Ronald Belford "Bon" Scott – Gesang
Angus Young – Gitarre
Malcom Young – Gitarre
Mark Evans – Bass
Phil Rudd – Schlagzeug

Tracklist

01. It’s A Long Way To The Top (If You Wanna Rock ‘n’ Roll)
02. Rock ‘n’ Roll Singer
03. The Jack
04. Live Wire
05. T.N.T
06. Can I Sit Next To You Girl
07. Little Lover
08. She’s Got Balls
09. High Voltage


Mit „High Voltage“ begann die Karriere der legendären Australier, den Pionieren des Hard Rock. 1976 wurde der Longplayer als Schallplatte auf den Markt geworfen und 1994 auf CD aufgenommen. Dem Sound wurde noch eine moderner Schliff verpasst, und schon konnte man das Album auf CD kaufen.
Der erste Song heißt „It’s A Long Way To The Top (If You Wanna Rock ‘n’ Roll)”. Sofort bekommt man die typisch krächzenden AC/DC Riffs zu hören. Dazu die unverkennbare hohe Stimme von Bon Scott. Insgesamt geht es zunächst sehr gemächlich zu. Zwischendrin ertönen noch Klänge eines Dudelsacks, die recht gut dazu passen. Der Song droht schon auszuklingen, fängt aber dann quasi noch mal von vorne an. Das selbe Szenario spielt sich wieder ab, bis nach 5:15 Schluss ist.
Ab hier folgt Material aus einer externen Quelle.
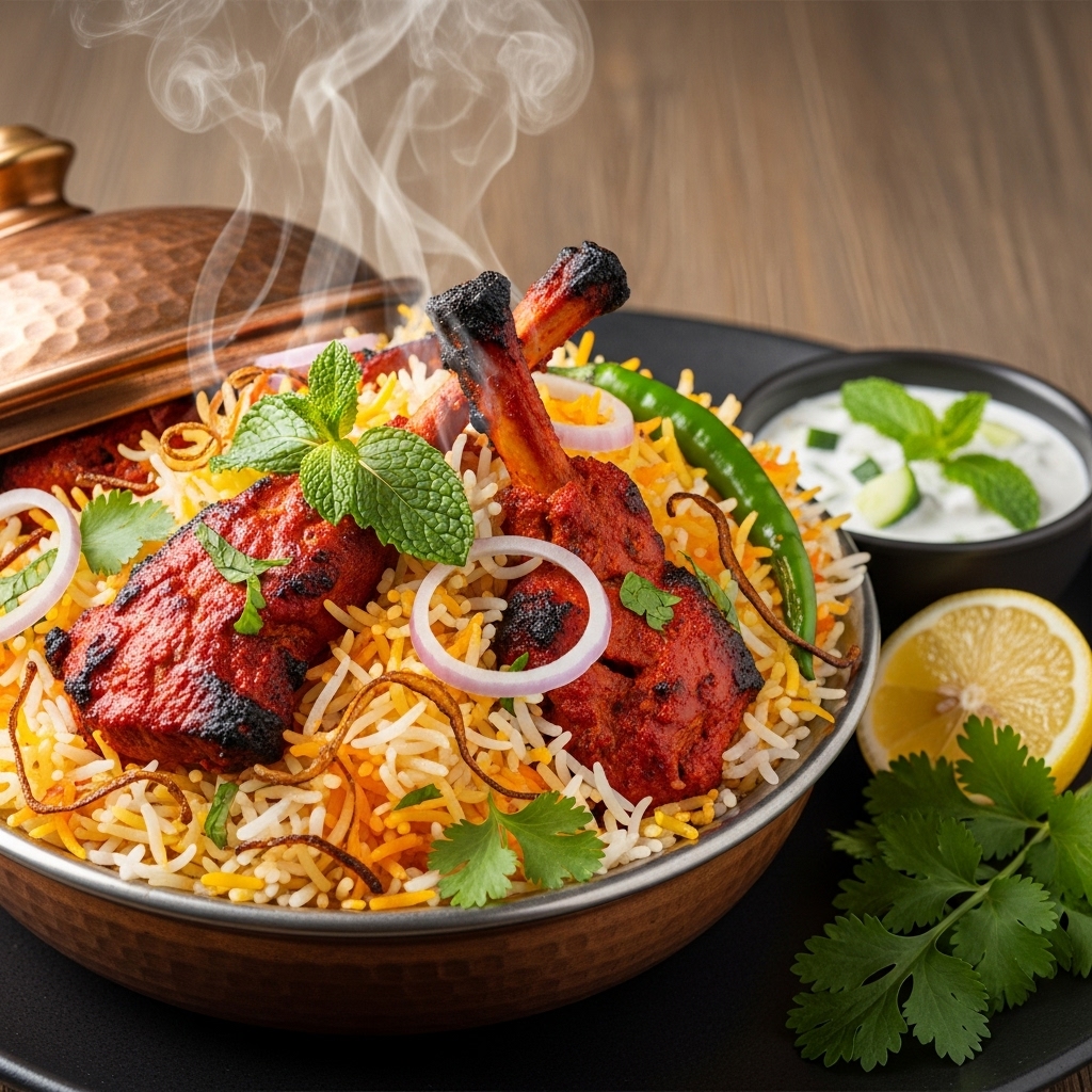 “Aromatic basmati rice layered with rich spices and tender meats. Our Biriyanis are a royal feast, cooked with tradition.”
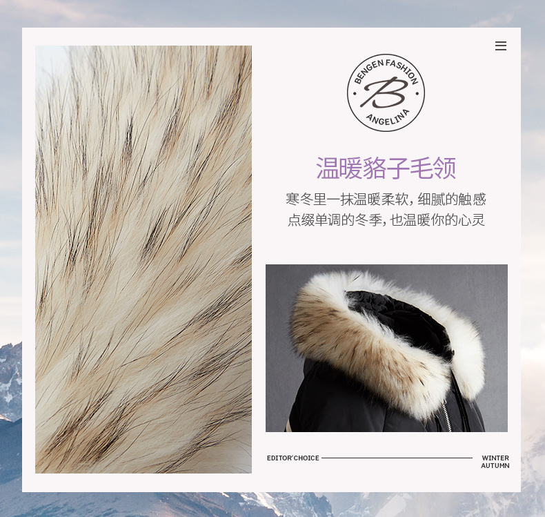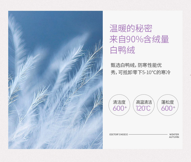 这款冰洁女士羽绒服,内里填充高品质90鸭绒,蓬松度达到了600+,经过120℃的高温蒸汽烘干消毒,洁净度高,保暖效果更好。采用锦纶面料设计,面料四层架构设计,质感舒适,高密锁绒,不易跑绒钻绒,出门满满安全感。经典中长款,出门时尚百搭~
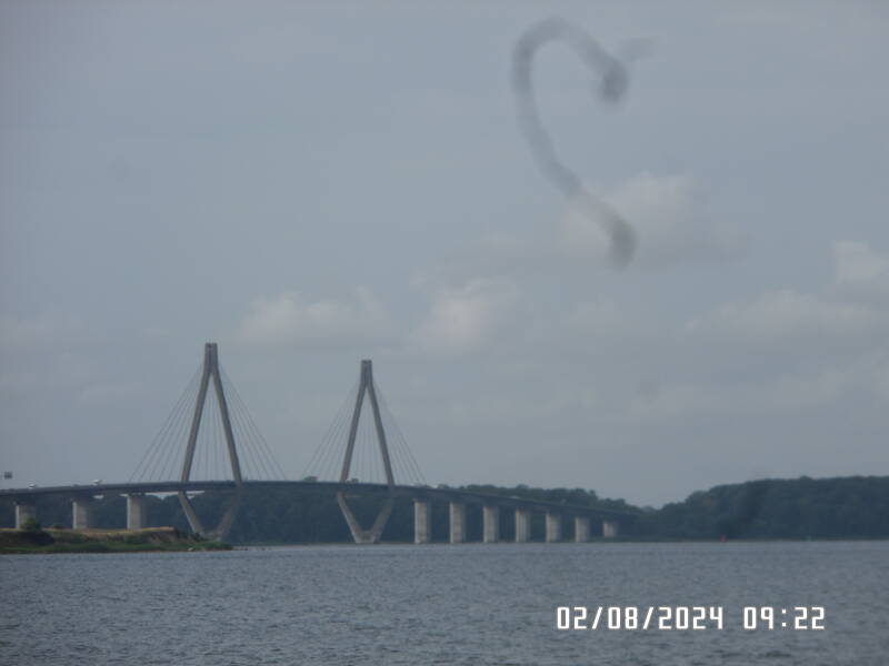Vi kan ikke ligge på vores plads , da den jo er blevet for smal , efter de rammede pæle ned i enderne af flydebroerne , så vi lægger os langskibs på katamaranens plads . Vi havde mødt den på vejen , nede ved Bøgestrømmen , men var der i tvivl om det var den og det var det så heldigvis .
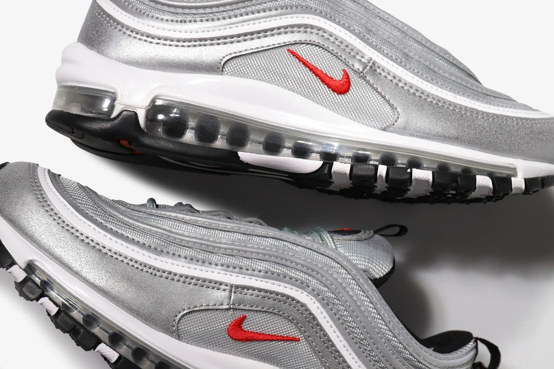 Push your style full speed ahead with the Nike Air Max 97 OG. Its iconic design takes inspiration from water droplets and Japanese bullet trains. A durable, synthetic upper keeps the organic look of the original while mesh underlays help keep it airy. A full-length Nike Air cushioned sole unit lets you ride in first class comfort.

„Rock ‘n’ Roll Singer“ beginnt ähnlich wie die Nummer eins. Es ist kein großer Unterschied zu erkennen, bis auf dass, das der Dudelsack fehlt. In der Mitte Songs kommt ein schönes Solo im gewohnten Style. Zum Ende hin verstummt der Sound teilweise etwas und nur noch der Gesang ist zu hören.
„The Jack“ unterscheidet sich etwas mehr von dem vorangegangenen. Es wirkt schwerer und langsam. Die ruhigen Riffs sind manchmal kaum zu hören. Nur die Stimme von Scott ist zu erkennen. Diese ist aber auch nicht so prall wie vorher. Im Refrain wird Sekundenlang „She’s got the Jack“ gesungen. In der Mitte wieder ein Solo und zum Ende blüht der Track in Form von Geschwindigkeit noch etwas auf.

Danach steht „Live Wire“ auf dem Programm. Zögernder Beginn bevor es in einen eingängigen Rhythmus mündet. Die Strophen ziehen sich etwas, der Refrain noch mehr. Das Solo steigert sich im Gegensatz zu den anderen noch etwas und ist auch angenehm lang. Dann wieder eine parallele zum ersten Track: Man hat schon den Ausklang im Ohr, da geht es doch noch mal weiter. Nach mehrmaligem Refrain kommt noch ein weiteres Solo, das den Song abschließt.Zu „T.N.T“ braucht man wohl nicht viel sagen. Jedes Rockerherz wird diesen Kultsong kennen. Eines der AC/DC Klassiker.
“Can I Sit Next To You Girl” ist die Single, die vor dem Album Release 1975 herausgebracht wurde. Ein harscher Sound der klassisch und schnell ist. Mittendrin wird es manchmal etwas ruhiger. Dieser Teil wird immer wieder gut eingeschoben. Zum Ende explodiert der Gesang etwas und ist aggressiver. Das ist kein Abbruch und tut dem Album gut.
„Little Lover“ ist wieder sehr träge. Langgezogene Riffs und Drums bereichern den Song. Dieses Lied ist etwas langweilig weil die Geschwindigkeit nicht richtig stimmt. Dazu klingt der Refrain etwas „schwul“. Durch das Solo kommt ein bisschen mehr Pepp rein, kann aber nichts mehr rumreißen. Dann noch ein weiterer Ausrutscher. In der letzen Minute bleibt das Lied auf einmal hängen bevor es dann ausklingt.

Mit „She’s Got Balls“ wird es wieder besser. Dieser Song rockt zwar auch nicht viel mehr kommt trotzdem besser als „Little Lover“. Wieder mal ein typischer AC/DC Song der sich zu den anderen Tracks der LP gut einfindet.Mit „High Voltage“ kommt dann der Titeltrack. Zum Schluss nochmals ein runder Song der sich von den letzten beiden stark differenziert. Mehr Rock wird hier geboten und der „Gruppengesang“ im Refrain. Als Abschluss noch mal ein tolles Solo von Angus, auch wenn es zu kurz ist.
„High Voltage“ ist sicherlich kein Meilenstein der Rockgeschichte, aber auch kein Album das man einfach ignoriert im Regal verkommen lassen sollte. Wer den Stil von AC/DC mag kann hier nicht viel falsch machen und bekommt Klassiker wie „T.N.T.“ oder „The Jack“ geboten.